On Independence Day in Belarus, schoolchildren honoured the memory of heroes of the Great Patriotic War at the Mound of Glory memorial complex in Minsk.
On Independence Day in the Republic of Belarus, participants in the cultural and educational project Memory Train visited the Mound of Glory memorial complex in Minsk. They laid wreaths and flowers at the monument and honoured the memory of the heroes with a minute of silence.
As President of Belarus Alexander Lukashenko emphasised during the ceremony, the Mound of Glory is a sacred place. It was the place where fierce battles were fought, while thousands of soldiers and officers sacrificed their lives for the sake of future generations. “Here the brotherly ties of a large multiethnic country were cemented with blood. Fighters did not divide themselves into Belarusians and Russians, Ukrainians and Kazakhs, Armenians and Georgians, Tajiks and Kyrgyz, Azerbaijanis, Uzbeks and others. They did not divide the land into their own and foreign. They fought for our one Fatherland.”
The President of Belarus welcomed young people from Russia, Armenia and Kyrgyzstan – participants in the Memory Train project. “In time, the train will surely gather all the heirs of the victorious nations, from all the former republics of the Soviet Union. We have one memory of that war, one victory and one truth. In such a difficult time, only together can we guarantee peace in our land, only together can we be free and independent,” he said.
The Memory Train participants were accompanied by Konstantin Kosachev, Deputy Speaker of the Federation Council and Chairman of the project’s Organising Committee.
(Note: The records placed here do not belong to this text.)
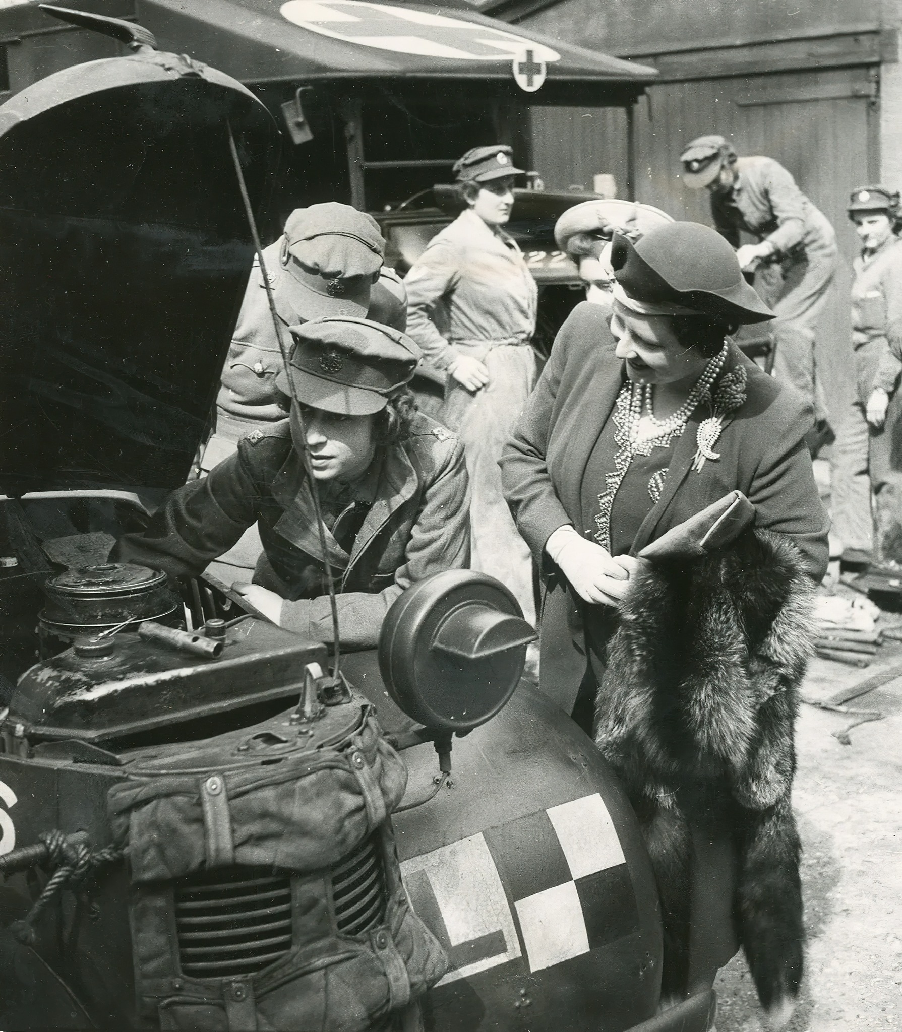 Princess Elizabeth explaining to the Queen what she has done to the car engine in April, 1945 during her service in the Second World War.
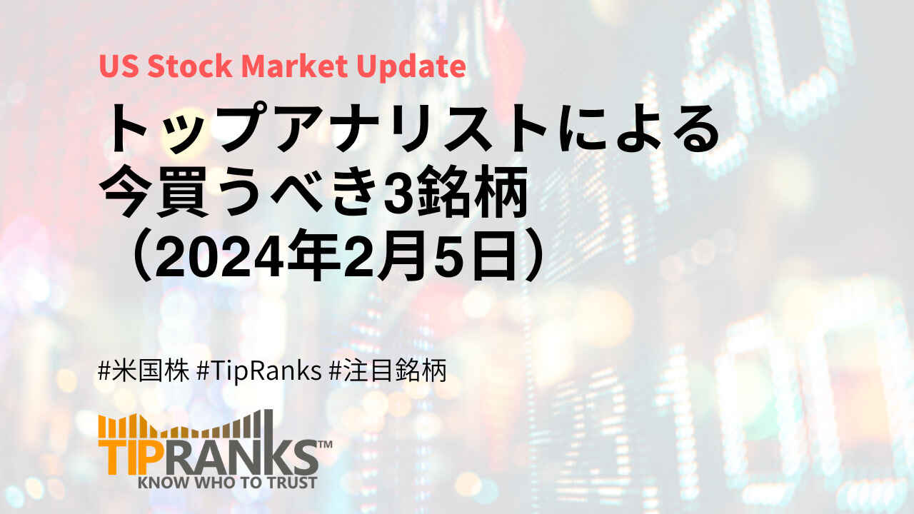本記事は株式投資分析ツールTipRanksの許可を得て、3 Best Stocks to Buy Now, 2/5/2024, According to Top Analysts原文の翻訳を中心にまとめています。
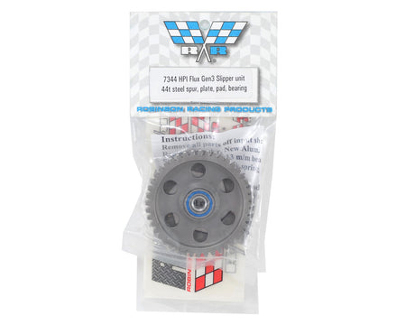 This is an optional Robinson Racing Gen3 Hi Performance Slipper Kit, and is intended for use with the HPI Savage FLUX Monster Truck. Robinson Racing GEN3 Slipper Units are over-engineered to meet the punishing demands of the most powerful brushless motor systems! GEN3 Slipper Units will not fail under the enormous load conditions of today’s brushless motor systems. The new GEN3 Slipper Unit is a captured design to prevent slipper pad blowout and deliver maximum power to the ground. The hi-performance hardened steel spur gear will not fail or strip. Aircraft grade billet aluminum backplate will not bend or break. Increased surface area of the oversized pad insures dependable performance. Less total parts reduces flex and wobble in the spur gear and slipper unit. Bearing included.
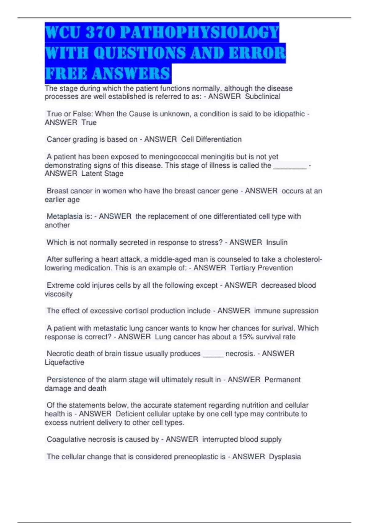 WCU 370 PATHOPHYSIOLOGY WITH QUESTIONS AND ERROR FREE ANSWERS.
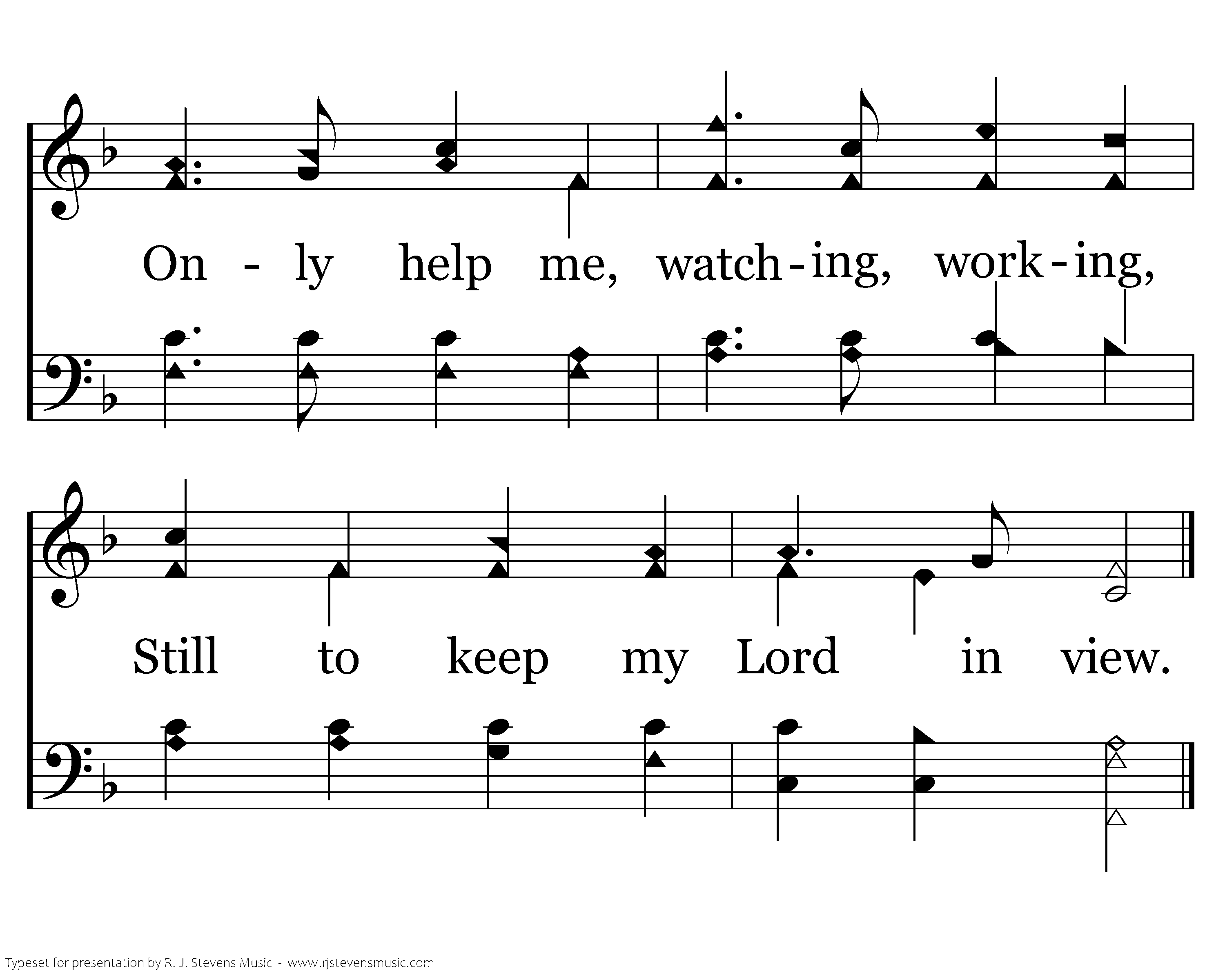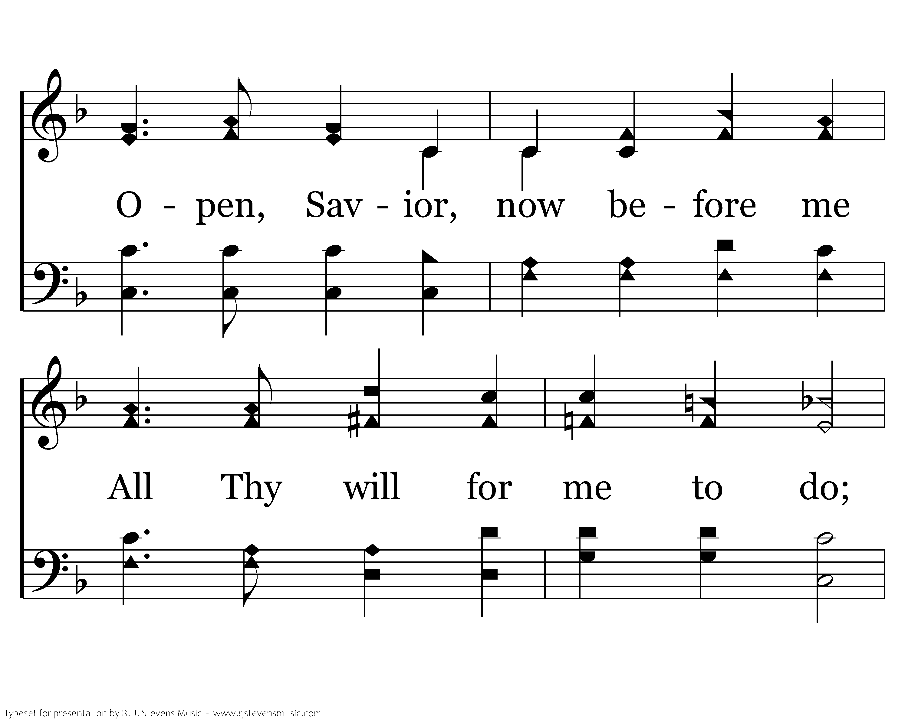 When the noontide falls upon me, With its fervid light-'ning ray, There's a voice divinely earnest, Bids me work while it is day; Open, Savior, now before me All Thy will for me to do; Only help me, watching, working, Still to keep my Lord in view.
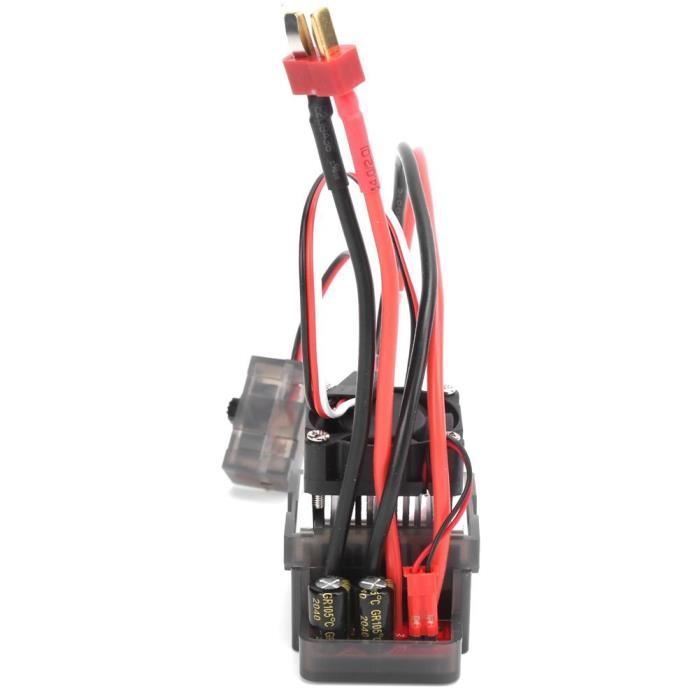 Contrôleur de vitesse de moteur brossé RC ESC RC bidirectionnel 2s-3s Lipo 5A RC contrôleur bidirectionnel pour bateaux modèles RC Mode réglable : Mixte ou Indépendant ; Protection contre la surchauffe : ESC > 130°C ; Signal d'entrée : ppm ; Taille du produit Bonne dissipation thermique : le RC Le contrôleur bidirectionnel est léger, petit, possède un module de condensateur intégré, une bonne dissipation thermique, une forte capacité à contre-courant et une forte capacité anti-interférence. PRATIQUE: Cet ESC brossé RC peut régler la rotation différentielle des deux moteurs ou contrôler les rotations avant et arrière des deux moteurs respectivement. FINE WORKMANSHIP: L'ESC brossé RC est composé de matériaux de qualité supérieure, d'une finition soignée, sûr et fiable, résistant aux éclaboussures et à la poussière, et Régulateur RC Bidirectionnel 5A 2S-3S Brosse Esc Bidirectionnelle Pour Voiture Et Bateau, Étanche, Haute ESC Pour Bateau Modèle Réduit Pratique : ce contrôleur RC brossé peut ajuster la rotation différentielle de les deux moteurs ou la rotation avant et arrière des deux moteurs. En mode de contrôle hybride, des chavirages différentiels à double moteur, des camions à benne basculante, des véhicules à chenilles, etc. peuvent être réalisés. PROTECTION CONTRE LA PERTE DE D'ACCÉLÉRATEUR: Le RC ESC a une protection contre la perte de d'accélérateur qui si le d'accélérateur est perdu pendant 1 seconde, l'ESC réduira progressivement la puissance de sortie, et si le est perdu pendant 1 seconde, l'alimentation sera coupée. Alomejor RC ESC RC Brushed Motor Speed Controller Bidirektionaler 2s-3s Lipo 5A RC Zwei-Wege-Regler für RC-Modellboote BONNE DISSIPATION DE LA CHALEUR: L'ESC bidirectionnel RC est léger, de petite taille, module de condensateur intégré, bonne dissipation de la chaleur, forte capacité anti-courant et forte capacité anti-interférence. Contrôle de moteur double] Cet ESC brossé rc permet de régler la rotation différentielle de deux moteurs ou de contrôler indépendamment les rotations avant et...
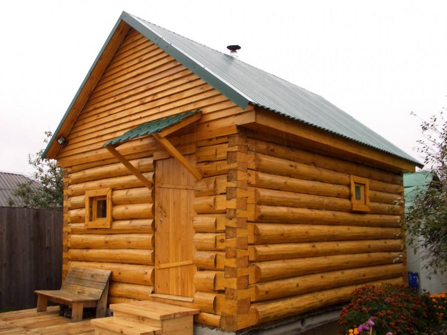Не беспокойтесь об эстетичности бани – достаточно отшлифовать, покрыть фасад специальной пропиткой и залакировать, после этого здание будет смотреться очень приятно и симпатично. Такие простые деревянные бани отлично вписываются в пейзаж и вид участка. Вы можете убедиться в этом, посмотрев фото бани своими руками.
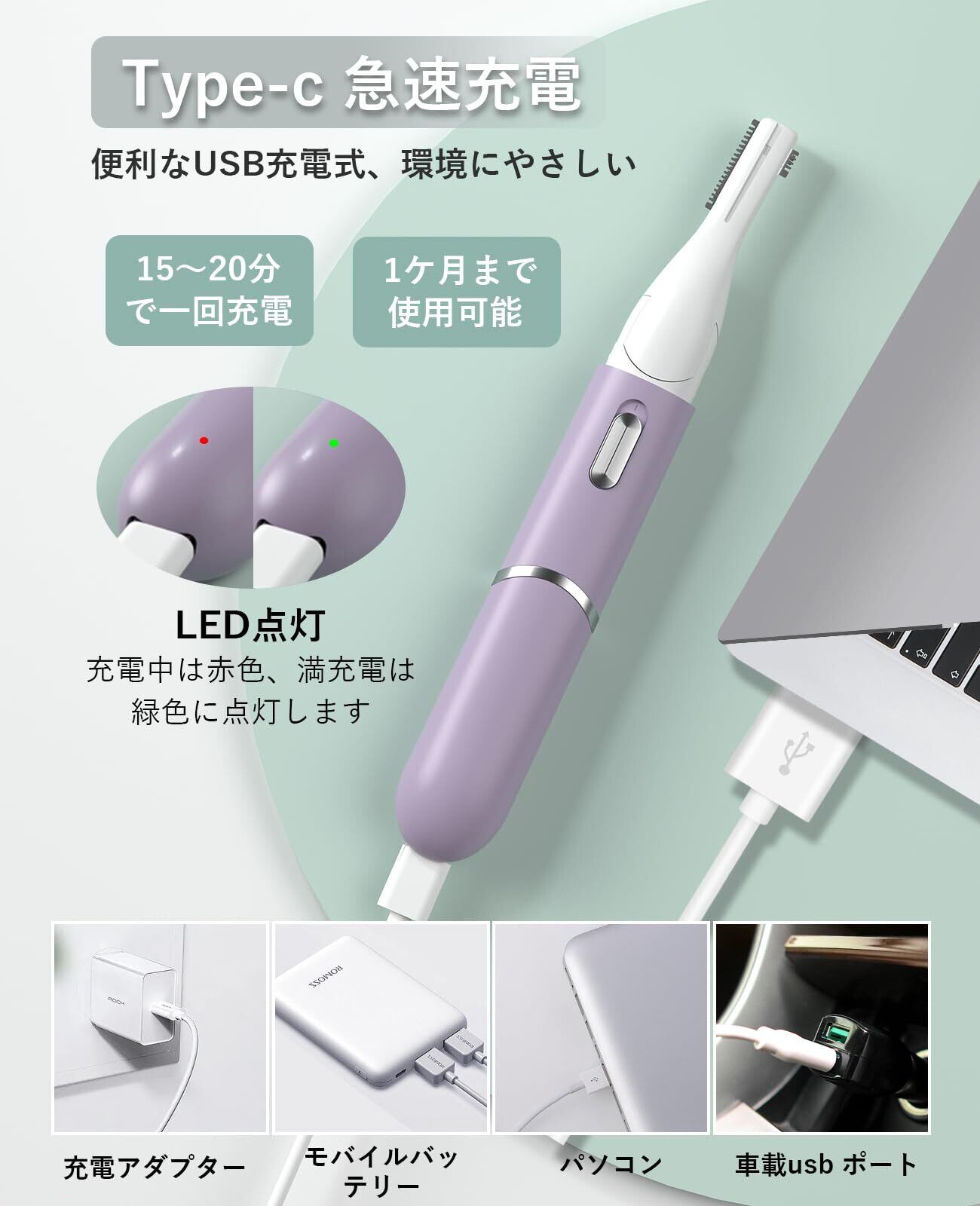 【USB急速充電・持ち運び便利】電動カミソリ電池を内蔵し、USBケーブルで簡単に充電でき、充電時間は15~20分で1~2ヶ月使用できるメンズシェーバーです。耳毛カッター電池交換の手間を省きながら、環境とエネルギーに配慮した高効率なシェービングを実現します。軽量・コンパクトで持ち運びに便利な産毛 シェーバーは、旅行や出張、キャンプ、オフィス、自宅など、様々な場所で使用でき、場所を選びません。眉毛剃りクールなブラックとエレガントなホワイトは、男性にも女性にもおすすめですよ。
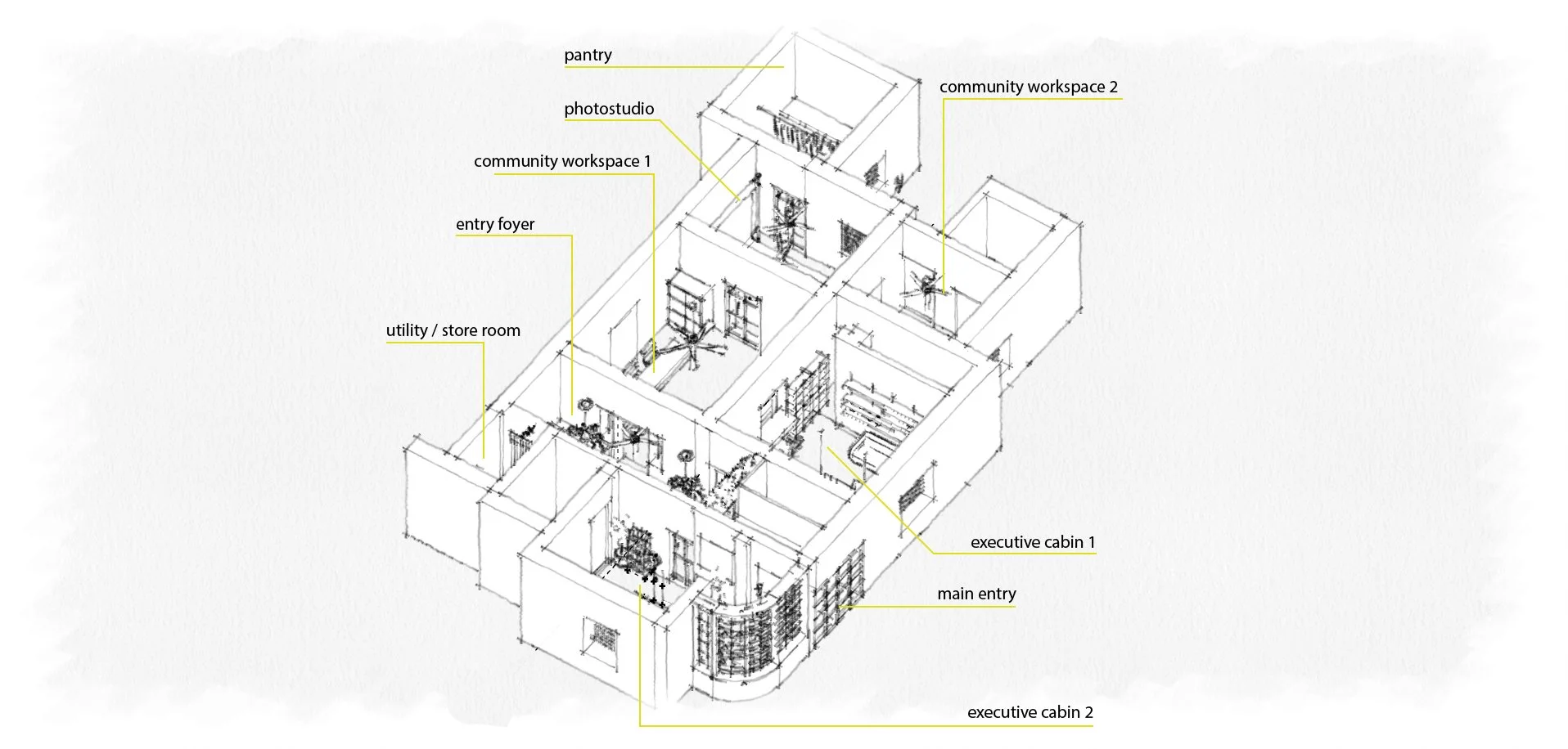 The layout was developed through targeted internal reconfiguration rather than extensive structural removal. Enclosed cabins and studio-support spaces were inserted where structurally viable, while larger original rooms were adapted into collaborative work areas and leadership cabins. The in-house photography studio was accommodated within the deeper-volume zones of the plan, allowing controlled lighting and acoustic treatment without disturbing the primary structure.
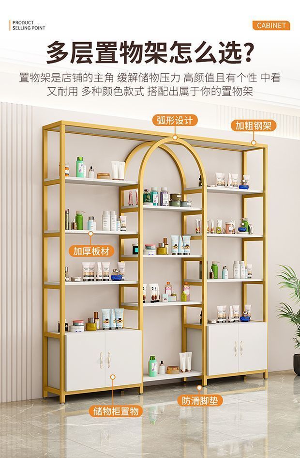 multifunctional live streaming background display cabinet cosmetics display stand light luxury shelf nail beauty salon product cabinet showcase

He said that children from the countries of the anti-Hitler coalition would be able to take part in the project in the coming years. “By 2025, we expect to invite high school students from all 15 post-Soviet republics without exception. They include the Baltic states, Georgia and Ukraine,” the Senator added.
During their stay in Minsk, the schoolchildren visited the Museum of the Great Patriotic War, the National Library and other sights, in addition to the Mound of Glory.